Defendants argued that access to Marsteller's social media accounts should be allowed as Marsteller's social media communications encompassing materials responsive to Defendant's discovery requests were relevant to the emotion distress allegations.   Marsteller objected on the grounds that she never "posted anything relevant to her employment or the allegations in her Complaint."  A district court in New York had previously held that "Plaintiff's routine status updates and/or communications on social networking sites are not, as a general matter, relevant to her claim for emotional distress damages, nor are such communications likely to lead to the discovery of admissible evidence regarding the same."  

In this case, the Court held that requiring Marsteller to provide her social media passwords would constitute a "wholesale invasion of her privacy" and would be far outside the bounds of proportionality.  However, Defendants' request for copies of social media materials responsive to the requests for production were held to be reasonable and likely to lead to admissible evidence.  As a result, the Court held that requiring Marsteller to provide copies of any social media materials responsive to the two requests for production was reasonable.

Judgment:  The District Court held that while the Defendants' request for the Claimant's social media passwords was a fishing expedition and a wholesale invasion of her privacy, the request for copies of any social media materials responsive to two requests for production was lawful.

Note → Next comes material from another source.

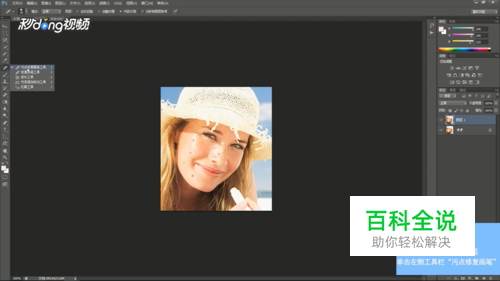 按“Ctrl+J”复制一层图层,鼠标左键单击左侧工具栏的“污点修复画笔”。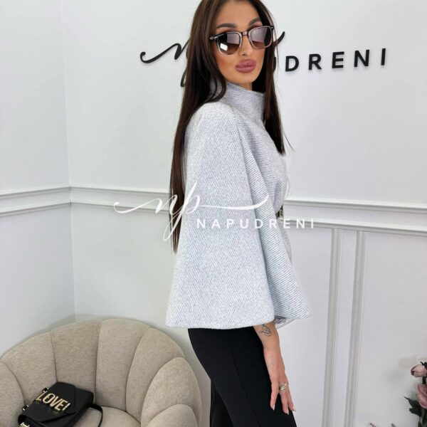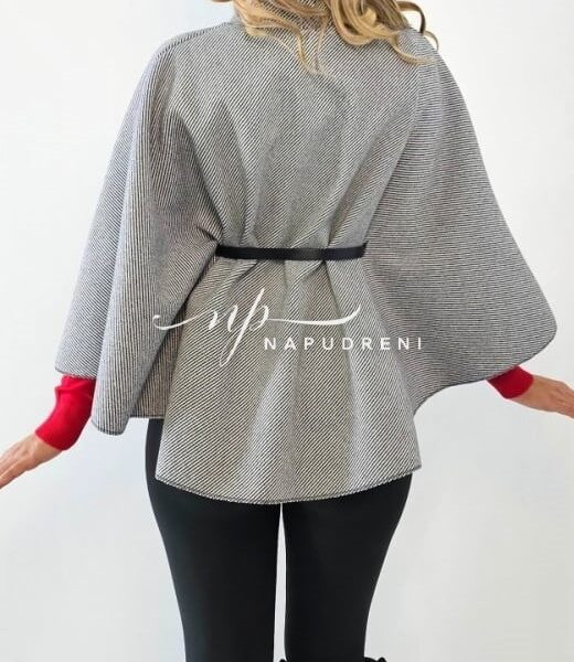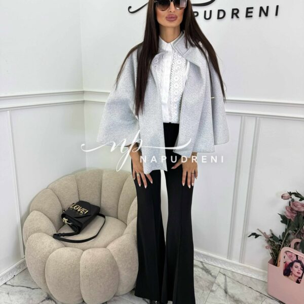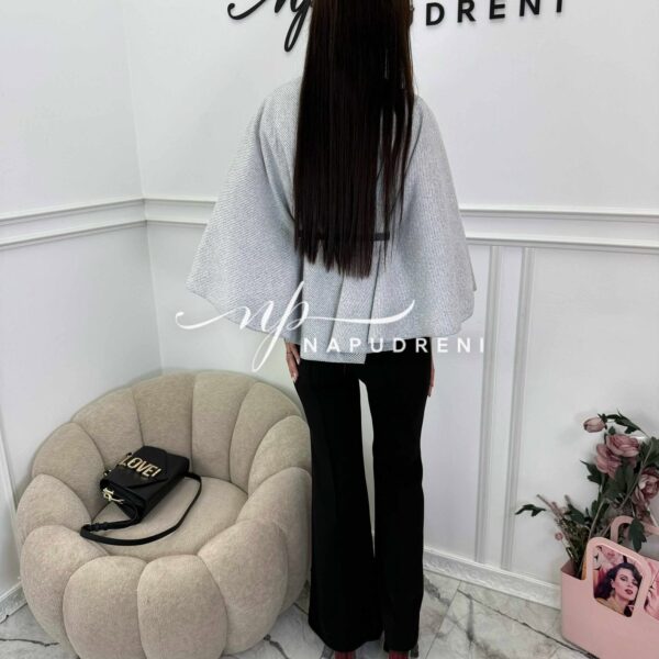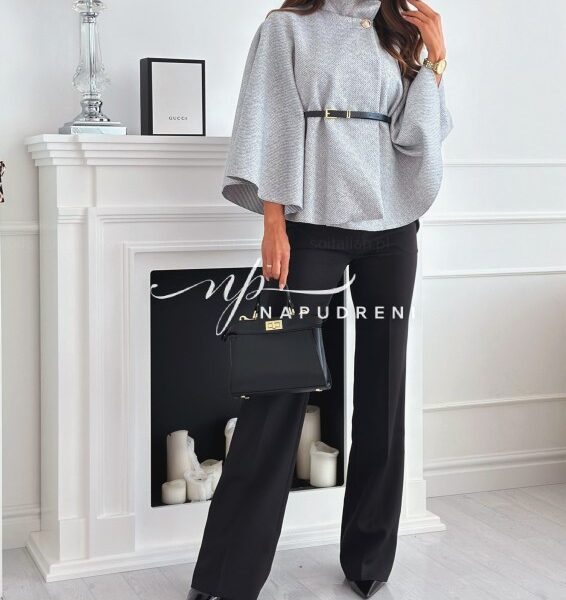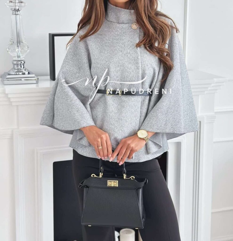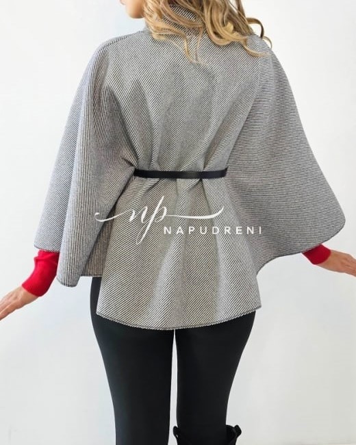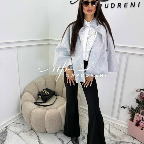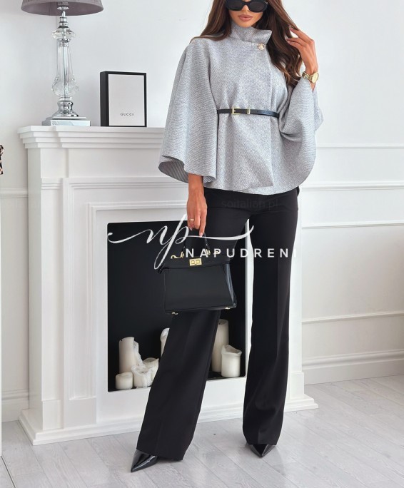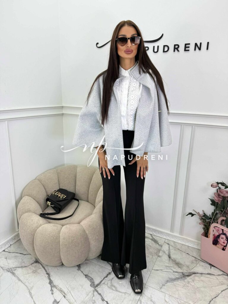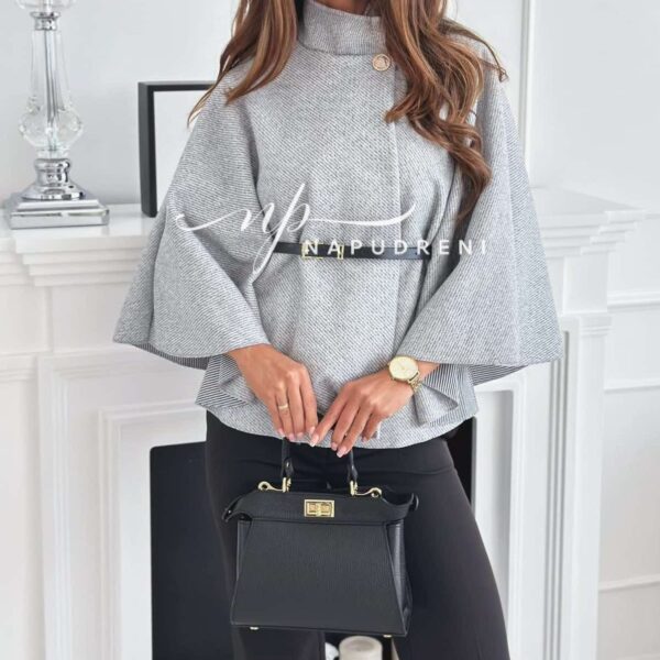 Дамско стилно палто с колан в сив цвят – код 7963

The Takeaway:  Very interesting ruling from the Court here and ultimately, I believe this is the correct ruling on Defendants' Motion to Compel.  The Defendants' attempt to get the keys to the castle (a/k/a get the social media passwords to all of the Claimant's social media accounts) was simply a bridge too far.  However, a more narrowly tailored request for copies of social media materials of the Claimant that were responsive to Defendants' two requests for production was narrowly tailored and therefore lawful.  When you look at the rules that govern discovery requests in federal court, I think the Court correctly relied upon the New York case to reach its ultimate conclusion to both deny and part of Defendants' Motion to Compel.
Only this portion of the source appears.